Imaginen ustedes un viaje en el tiempo. Directo a los años ochenta, al chándal Meyba, a los puros del abuelo Nicolau Casaus y al “aquest any tampoc”. Cinco minutos de partido son suficientes para que, apagadas las luces para mejorar la calidad de proyección en la pantalla, uno tenga la convicción que en la alineación del Barça están de titulares Calderé y Clos y que en los próximos días habrá un nuevo Motín del Hesperia. El diccionario debería incluir una nueva acepción de pesimismo: estado de ánimo que se vive en una peña azulgrana si la media de edad de los parroquianos se sitúa por encima de los sesenta años.

A los treinta minutos son ya varios los que han vociferado, con murmuro de aprobación de muchos otros, que hay que vender a Messi, aunque sea a buen precio, porque está mayor y ya no quiere correr. Otros la tienen tomada con Piqué, al que le sugieren que se dedique al tenis, que es lo que de le verdad le gusta. Algún esporádico sugiere que Busquets no ha tenido jamás suficiente categoría para jugar en el Barça y siempre hay alguien dispuesto a darle razón. Es un no parar.

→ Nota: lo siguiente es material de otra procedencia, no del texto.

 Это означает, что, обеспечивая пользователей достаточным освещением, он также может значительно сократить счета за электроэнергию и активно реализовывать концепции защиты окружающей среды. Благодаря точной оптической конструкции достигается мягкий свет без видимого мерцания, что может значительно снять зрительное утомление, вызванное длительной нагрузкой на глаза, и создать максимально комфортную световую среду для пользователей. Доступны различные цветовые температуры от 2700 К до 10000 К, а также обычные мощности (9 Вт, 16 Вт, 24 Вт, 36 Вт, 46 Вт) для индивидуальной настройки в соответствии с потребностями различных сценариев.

Llegada la media parte, si el equipo anda debajo en el marcador, como en el derbi del sábado contra el Espanyol, los corrillos exigen con vehemencia el cese de Valverde y dan por hecho que este año el número de títulos será ninguno. Si el resultado final no es una victoria hay que echar a la directiva y dejar de pagar a la plantilla. Aquí no se hacen prisioneros.

Brecha generacional

Los jóvenes, que haberlos, haylos, no pueden ni quieren combatir el ambiente depresivo de la platea. Se apostan en la barra a beber cerveza y dejan que sean los mayores, más numerosos, los que se adueñen del ambiente. Quizás saben que no tienen nada que hacer y ni siquiera se plantan batalla. Hacen bien. Como explica Manel en su canción 'Boomerang': “tan bo és insistir com saber-se retirar”.

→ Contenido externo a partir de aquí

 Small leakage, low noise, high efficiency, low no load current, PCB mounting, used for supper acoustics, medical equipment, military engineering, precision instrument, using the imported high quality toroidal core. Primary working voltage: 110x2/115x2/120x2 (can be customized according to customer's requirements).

Cuando acaba el partido, observo, antes de abandonar el local, unas humedades en la pared. Me acerco y, ¡santo cielo!, las manchas reproducen claramente rostros humanos. Un nuevo episodio de las caras de Bélmez. Ahí están, en el muro y aflorados cual milagro, los rostros del difunto Josep Lluís Núñez y de Joan Gaspart. Ahora se entiende. Vemos el futbol en un local poseído. Si saben de algún exorcista, hágamelo saber. Somos buena gente y agradeceremos cualquier ayuda.

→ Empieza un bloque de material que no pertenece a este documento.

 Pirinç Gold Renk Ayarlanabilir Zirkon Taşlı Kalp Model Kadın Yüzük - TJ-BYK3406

La fecha de nacimiento es clave

Las casualidades no existen. Si usted funda una peña barcelonista el año en el que su equipo pierde la final de la copa de Europa contra un equipillo rumano como el Steaua de Bucarest en Sevilla (temporada 85-86) dé por seguro que, por mucho empeño que le ponga, las cicatrices van a perdurar y que jamás podrá ser la alegría de la huerta. Otra cosa son las paellas, sepia con patatas, fideuàs, arrosejats u otros platos de pescado que se organizan en el local con motivo de los partidos señalados. En el campo culinario sí somos de un optimismo desmesurado. ¿Dónde? Guardo silencio porque nos gusta repetir.